The Individual Development Plan

The Individual Development Plan (IDP) is a written schedule or plan designed to meet each individual employee's particular developmental goals.

It is a method of systematically planning for training and experience to develop needed skills, knowledge and abilities.

It states the skill, knowledge and abilities needed to improve current performance (these, of course, may also have the side-effect of contributing to an individual better prepared to be competitive for positions of greater responsibility).

It also states the projection of an individual's career goal. This projection includes the qualifications required for the desired position, as well as the methods and schedule necessary to obtain those specific qualifications.

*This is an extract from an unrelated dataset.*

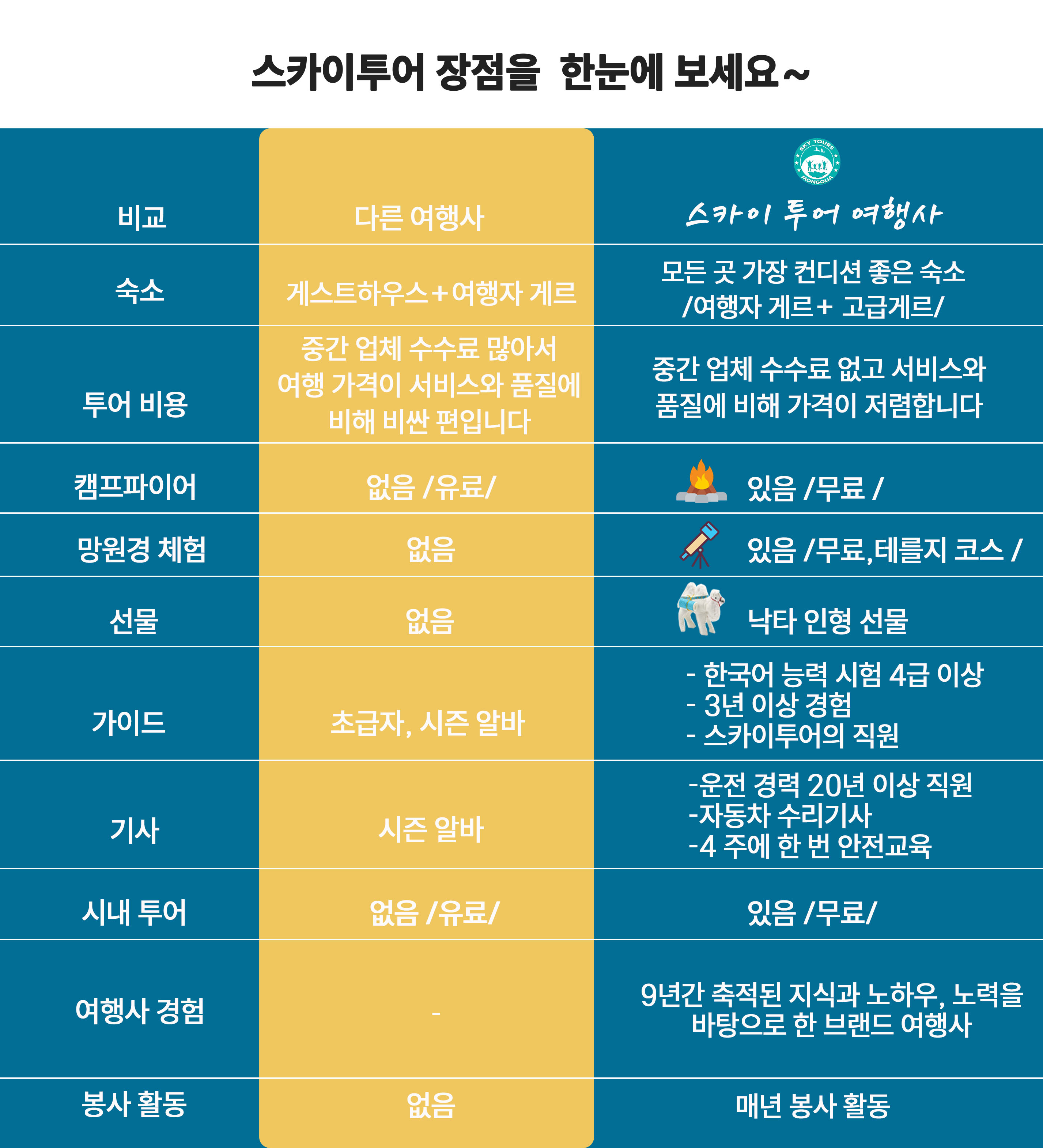 🤍4박5일 몽골 고비사막, 쳉헤르 온천과 테를지 여행입니다. 중앙몽골 자연의 아름다움을 느껴 보세요! 본 상품은 한국인들의 가장 좋아하는 여행상품들 중 하나입니다. • 액티비티/망원경 체험 , 낙타, 승마, 온천 체험, 아르아발 사원, 샌딩 보딩, 거북이 바위, 독수리 체험, 칭기스칸 동상,몽골 전통적인 음식 호르혹, 야외 삼겹살, 게르 체험, 아름다운 별 감상, 은하수와 푸른 초원과 함께 아름다운 몽골 여행입니다./ ‘미니고비’, ‘미니사막’으 라고 불리는 엘승타사르해는 몽골의 수도 울란바토르에서 서쪽으로 350~400km의 거리에 위치해 있습니다. 몽골전통가옥 게르(GER)를 체험하고, 미니사막에서 일몰을 감상하며 모래썰매를 타고, 낙타체험도 즐길 수 있는 일정입니다. 쳉헤르 온천은 초원 한가운데에서 밤하늘의 별이 쏟아지는 야외 온천(노천온천)을 즐기는 투어입니다. 온천의 수원지는 산에서 내려오며 각종 피부에 좋은 자연 미네랄 워터로 피부병, 피부미용에 좋으며 당뇨병, 치료후에 건강 회복, 피로, 소화 등에 효과가 있습니다. 초원의 야생동물, 끝없는 지평선 그림 같은 하늘, 밤하늘의 별을 보며 온천을 즐길 수 있습니다. 테렐지국립공원은 울란바토르에서 북쪽으로 70 km 거리에 위치하고 있습니다. 면적은 300 ha정도, 초원, 기암괴석 그리고 숲으로 이루어진 곳으로 자연 상태가 비교적 잘 유지되고 있고 수도인 울란바토르에서 가까운 국립공원으로 많은 사람들이 찾는 관광지입니다. 1-6인 여행경우는 스타렉스, 푸로공, 승용차 6-48인 여행경우는 버스, 스타렉스, 푸로공 [📌투어일정] - 1일 차 * 미니 사막 /체험: 낙타 체험, 샌딩 보딩, 야외 삼겹살/ -2 일 차 * 쳉헤르 온천 /체험: 온천 체험, 인생 샷 / - 3 일 차 * 테를지 국립 공원 / 체험: 아르아발 사원, 거북이 바위, 망원경체험/ - 4 일 차 * 테를지 국립공원 및 칭기스칸 동상 / 체험: 칭기스칸 동상, 독수리 체험, 승마/ - 5 일 차 * 울란바토르 시내 여행 / 국립백화점, 캐시미어 아울렛, 칭기스칸 방물관, 칭기스칸 광장 구경/

The IDP is to be used primarily as a training and development needs statement.

The IDP is not:

  • A contract between an employee and a supervisor
  • A performance appraisal rating process
  • A Performance Improvement Plan (PIP)
  • A guarantee of advancement or promotion


Why have an IDP?

  1. The purpose of the Individual Development Plan is to provide a systematic approach to the development of employees. It provides:
    • a logical and structured framework for assessing the needs of both the individual and the organization;
    • a way of organizing learning experiences so that they will be progressive and developmental rather than haphazard and wasteful of both time and money;
    • a plan of action and a means for evaluating accomplishments of the plan.

  2. IDPs help promote employee-supervisor communications through a joint needs assessment process and feedback on performance.

  3. IDPs help provide advance planning and scheduling to insure staff coverage.

  4. They help to develop competent staff to provide effective organizational performance. One of the required critical job elements for all supervisory positions is the responsibility to plan, support and monitor effectively subordinates' work performance and development.

  5. They identify common needs in training among organizational work groups.

  6. In aggregate, IDPs help bureaus in projecting training costs and preparing annual training plans.


Who needs an IDP?

There are no hard and fast rules on "Who needs an IDP?" - in fact, formally, it depends on a particular bureau's decision (some bureaus in the Department of State require them, some do not).